A body of new data, including original analysis by The Hindu , is showing for the first time that women politicians are slowly but surely opening the door for other women politicians.
The Hindu ’s analysis of data from the 2013 Assembly elections has shown that women are significantly more likely to contest and win from a constituency previously held by women. Women were twice as likely to contest election in a constituency held by a woman than one held by a man in Rajasthan, Madhya Pradesh and Chhattisgarh, The Hindu ’s analysis of 2008 and 2013 election results found. In Delhi, meanwhile, women were three times more likely to contest in a constituency held by a woman than that held by a man. (Mizoram had no women MLAs in its outgoing Assembly and so could not be considered for this analysis.)
Women were over four times more likely to win in 2013 a constituency that was held in 2008 by a woman in Chhattisgarh, while for Rajasthan and Madhya Pradesh the probability rose to nearly six and seven times respectively. Only in Delhi did the three women who won in 2013 win from constituencies previously held by men; no woman won a second time in Mizoram.
Undoubtedly, the proportion of both candidates and winners who are women is still very low. Women formed between 4% (Mizoram) and 8% (Madhya Pradesh and Rajasthan) of candidates and between 0% (Mizoram) and 14% (Rajasthan) of winners, well below their share in the voter turnout and in the total population.
But the doors might be opening slowly, and in unexpected ways. Economists Sonia Bhalotra of the University of Essex, Irma Clots-Figueras of the Universidad Carlos III de Madrid and Lakshmi Iyer of Harvard Business School analysed Assembly election data for 16 States between 1980 and 2007 for a working paper that they discussed with The Hindu . They looked only at candidates fielded by major parties (and not independents as well), and only at close elections won by a woman against a man, so as to make sure that the constituencies they were looking at were not unusual in any particular way (since that constituency could just as easily have voted in a man).
They found that a woman winning a close election against a man resulted in a 9.2% increase in the proportion of female candidates fielded by major parties in that constituency in the next election. This increase was driven by women re-contesting and not by new women entering the field, they found.
Reduction in bias
Further analysis suggests that what’s driving this increase in women candidates is not a reduction in voter bias, but a reduction in party bias. Voters were not necessarily more likely to vote in a woman after a woman has held office, but political parties that had had a successful woman candidate were more likely to nominate women in the future.
However, the impact of women's electoral success was limited in important ways, they found. For one, the effect slowed with time; in the subsequent election, the increase in female candidates fell to 4.2%. The increase in future female candidacy was limited to constituencies in which women won. Additionally, while its effect on women’s candidacy was clear, the electoral success of a woman, however, did not have an impact on the chance of a woman winning the next election, they found.

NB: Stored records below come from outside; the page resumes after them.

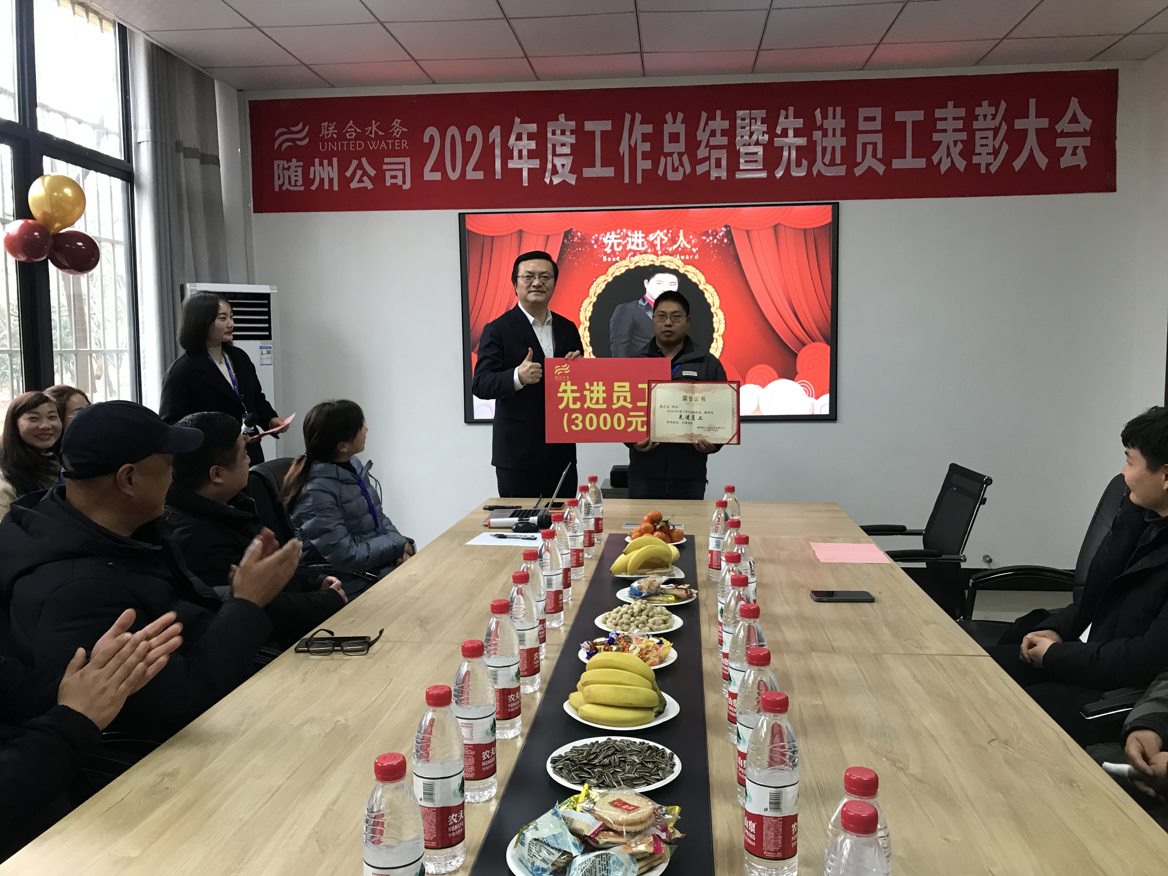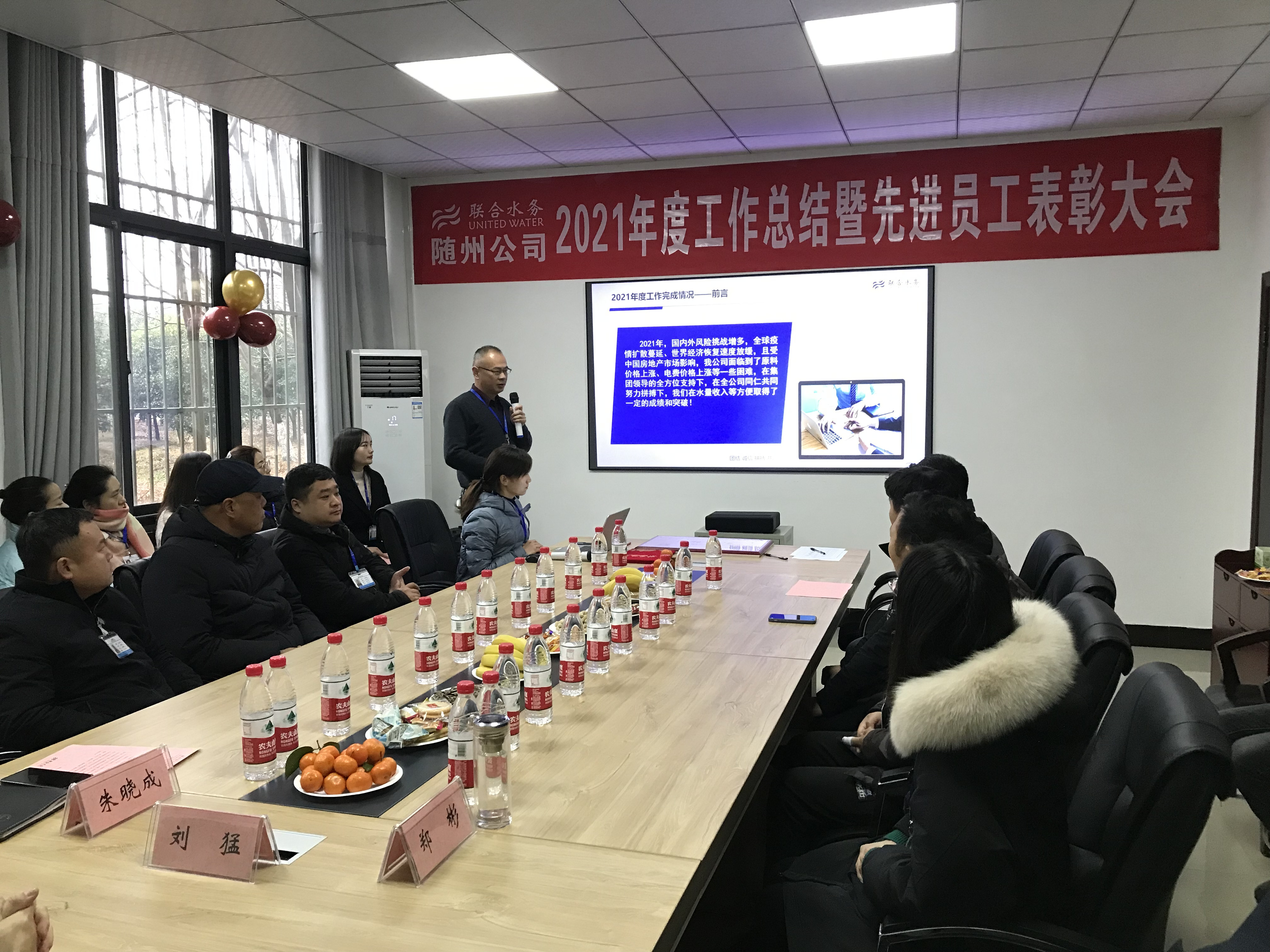 1月22日下午,隨州聯(lián)合玉龍水務有限公司召開了2021年度工作總結(jié)暨先進員工表彰大會,聯(lián)合水務常務副總裁劉猛出席會議,隨州公司總經(jīng)理鄭彬、總經(jīng)理助理朱曉成及全體職工參加會議。
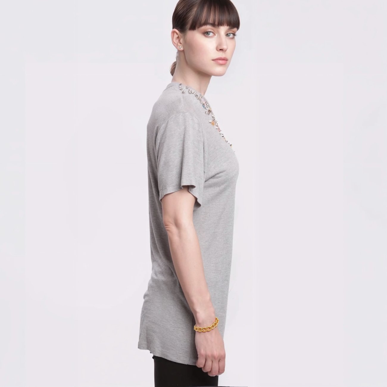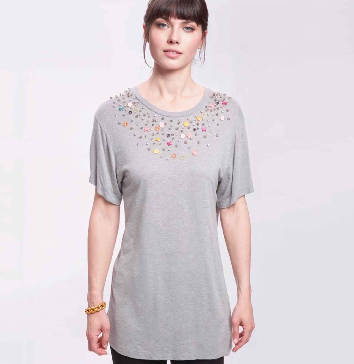 La t shirt donna Blugirl proposta in questa versione grigio perla unisce comfort, stile e dettagli decorativi tipici del brand.
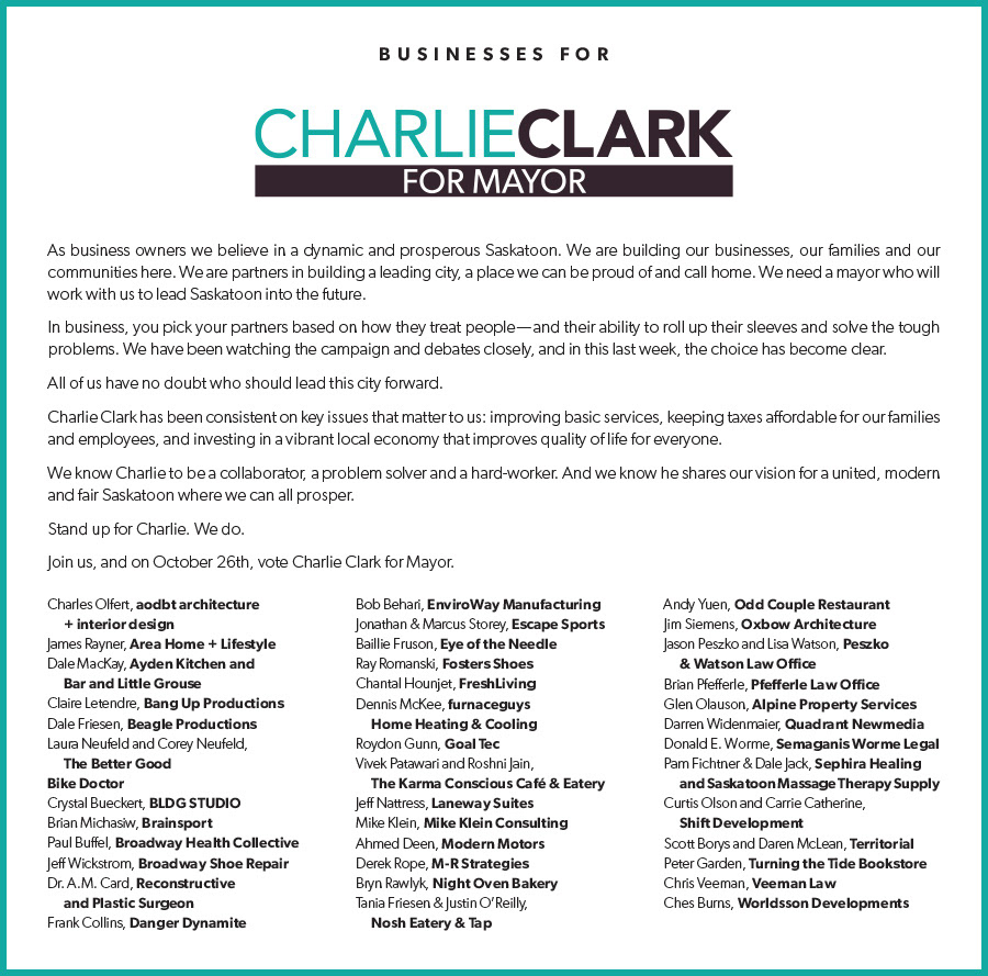 A full page StarPhoenix ad insertion listing the Saskatoon business owners who supported Charlie's candidacy and business tax plans.
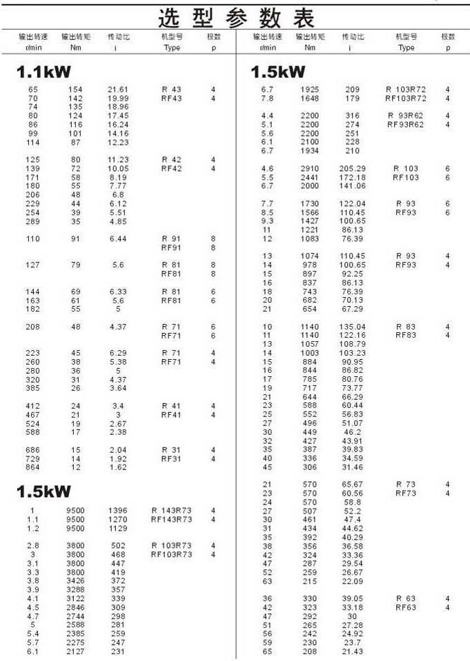 选型参数表1.1kW(续),1.5kW
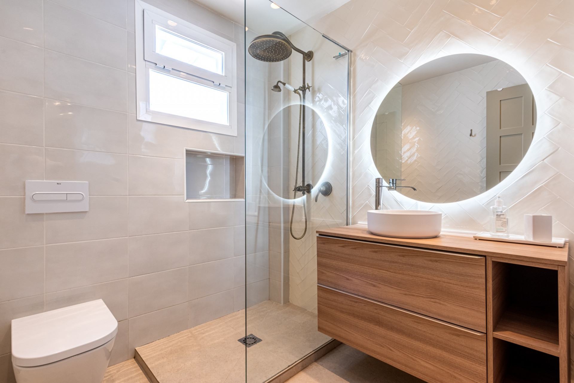 The home is distributed across three levels. On the main floor, you’ll find a bright and spacious open-plan living area with a modern kitchen, seamlessly leading out to a sun-filled terrace. From here, as well as throughout the home, you can enjoy stunning sea views. This level also includes a guest toilet.
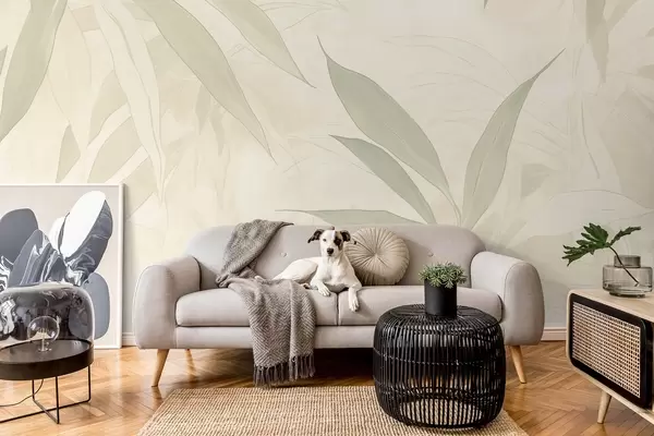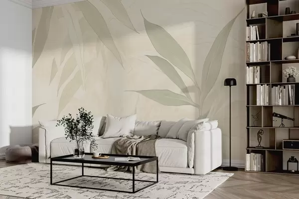 Fotomurales Ramas con hojas en suaves tonos verdes sobre fondo beige Nr. w09027

In short, their data indicates that once a party takes a chance on a woman candidate, her performance seems to make them more amenable to nominating more women. “When we look deeper it seems that it works by them being more amenable to nominating the winning women again. We wish we could say it made them more amenable to nominating any woman but we do not find evidence of this,” Prof. Bhalotra told The Hindu .
This relative relaxation in party bias, if not voter bias, is also the pathway that economist Rikhil Bhavnani, assistant professor at the university of Wisconsin-Madison, identified in his pioneering research on the impact of reservations on women’s candidacy and electoral success. Making use of a natural experiment — the reservation for women of one-third of municipal seats in Mumbai in 1997, followed by the rotation of reservations in 2002 throwing some reserved seats open — Professor Bhavnani found that women were five times more likely to win election from an open constituency that had been reserved for women in the previous election than from a constituency that was open both times.
Prof. Bhavnani found that “reservations mainly work through introducing into politics a cohort of women that are able to secure party tickets and win office after reservations lapse” and not evidently through a decrease in voter bias towards women. The Hindu ’s findings from the 2013 and 2008 Assembly results appeared consistent with the demonstration effect that his work had uncovered, he said in an email to newspaper.
All of this taken together, it seems to be the case that once a political party takes a chance on a woman and she wins, she does well enough at the very least for her political party to renominate her, if not for other political parties to also put up female candidates against her and for independent female candidates to be inspired to run. Then why aren’t more parties doing it, and more often?
Representatives of the two major national parties admitted to The Hindu that they were a long way off from adequate representation for women. “This might be increasing but the numbers are still very, very low and a lot more needs to be done,” Nirmala Sitharaman, BJP spokesperson said. “There are still far too few women getting tickets, and that is why we have been pushing for the Women’s Reservation Bill,” Congress minister and MP Girija Vyas, former chairperson of the National Commission for Women, added.